Bahçeli rakipleri iyi tanıyor
- Yeni Irak Anayasası ile Kürtler devlet olma yolunda önemli bir adım attı. Türkiye nasıl etkilenir?
- Bazı gelişmeler eşzamanlı oluyor. Kuzey Irak'ta, bağımsız devlet olma hakkı saklı kalmak şartıyla bir federal yapı oluştu. Bunlar Türkiye'nin baş ağrılarıdır. Oradaki üçüncü unsur kabul edilen Türkmenler'le ilgili hiçbir hak da tanınmamıştır. Türkiye Irak'ta böyle olmuştur, Kıbrıs'ta böyle olmuştur. Türkiye, ilk defa bu kadar nazik bir dönem yaşıyor. Bu konuda en fazla tecrübeye sahip ülke olmamız gerekir. Mesela, Cumhuriyet'in 82. yıldönümünü kutlayacağız. Birçok hassas dönem geçirilmiş, güçlükler yaşanmış. Böyle bir ülkenin yönetimine talip olanlar, özel eğitimden geçirilmiş olsalar dahi, bu kadar yüksek bir tecrübeye sahip olamaz. Ama bu tecrübe kullanılmıyor. Hatalar tekrarlanıyor sürekli.
- Enflasyon düşüyor. Ekonomiyi nasıl değerlendiriyorsunuz?
- 57. Hükümet'in ekonomi politikalarının uygulama sonuçlarıdır bunlar. Bugünkü iktidar, 2005'ten itibaren uygulamaya koyduğu ekonomi politikalarıyla değerlendirilmelidir. 2004 sonuna kadar uygulananlar, bizim hükümetin programıydı.

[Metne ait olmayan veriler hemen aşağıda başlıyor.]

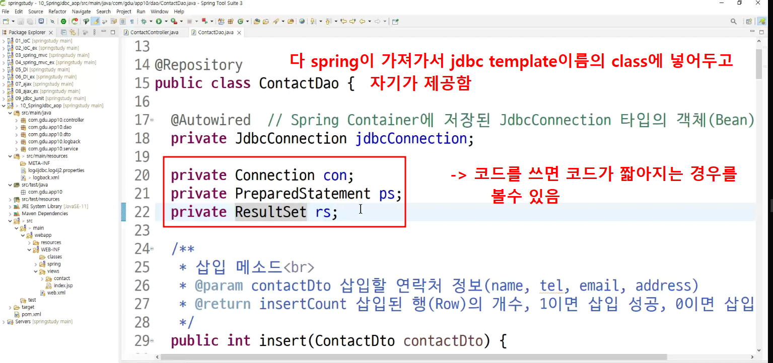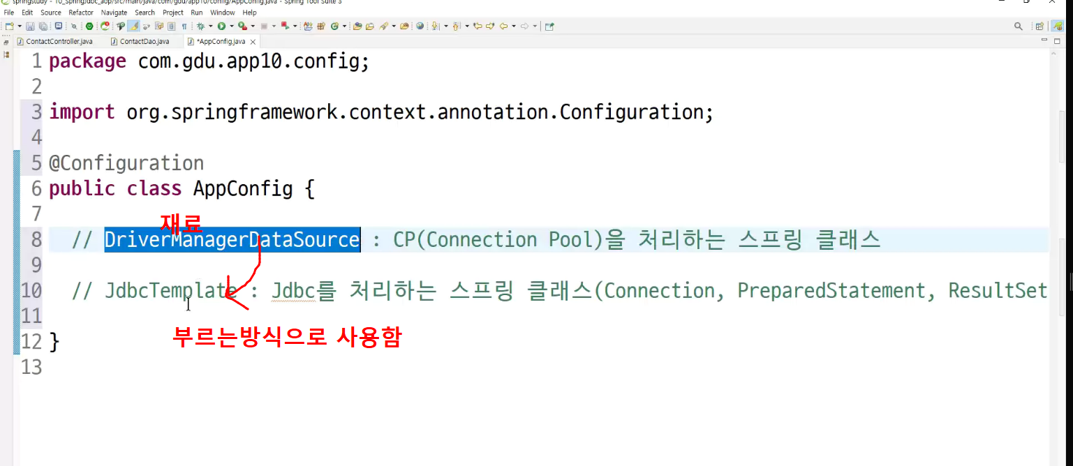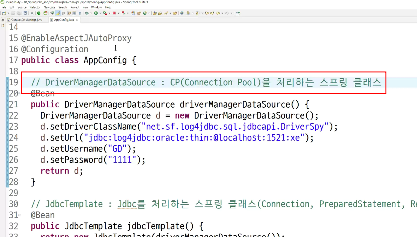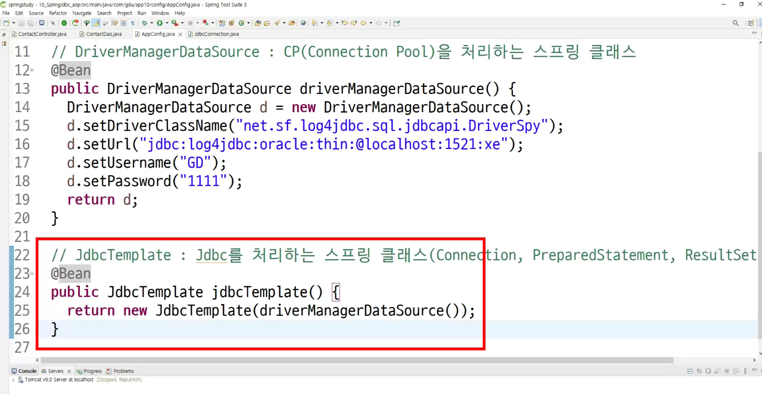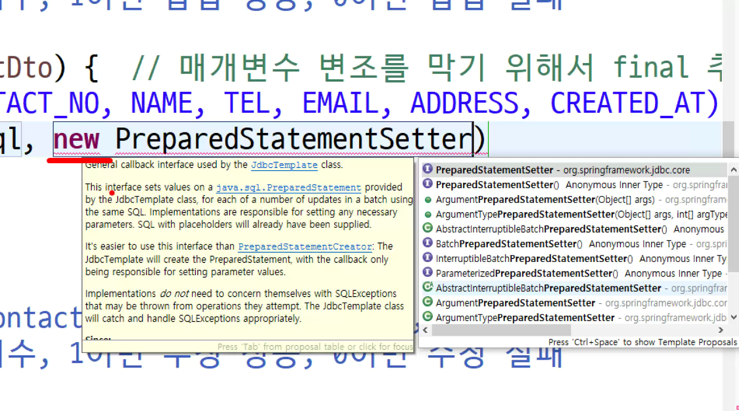 -> jdbc template제작할때 :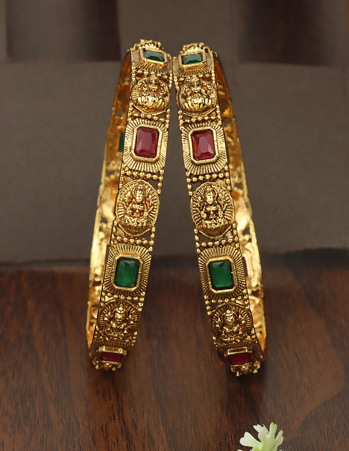 Matt-plated bangles with Ruby and Green Kempu stones—elegant, high-quality, and perfect for any occasion!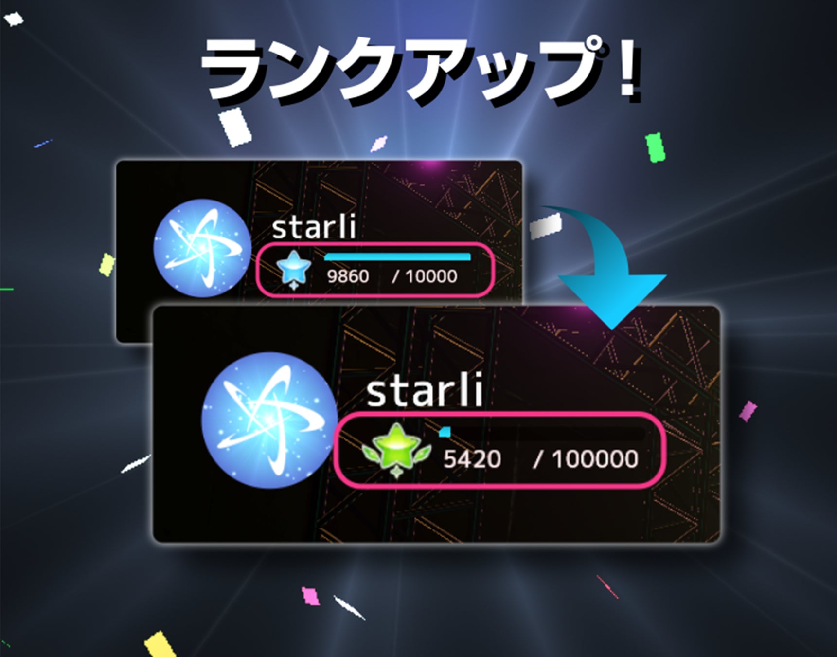 ゲージの数値が規定数に達すると「ランクアップ」です。

- "Koalisyon bozulmasaydı" dediğiniz oldu mu hiç?
-Hayır hayır. "O günkü şartlarda, doğru zamanda alınmış, doğru karar" diye düşünüyorum. Çünkü ancak ve ancak, 57. Hükümet'in ülkeyi seçime götürme şansı kalmıştı.
-------------------------------------------------------------------------------------------------------------------------------------------------------------------------------------
Şaka gibi ama gerçek! İkinci haberi beklerdim bahçeliden ama ilki ümmetçilikle bile açıklanamayacak bir olgu,akp bile demedi böyle bir şey!Ne yapmaya çalıştıklarını anlamadım,sanırım koministlerin iddia ettiği gibi gerçekten amerikanın rusların kızıl emperyalizmini engeleyip kendi emperyalizmini korumak için kullandığı kukla bir oluşum bu mhp!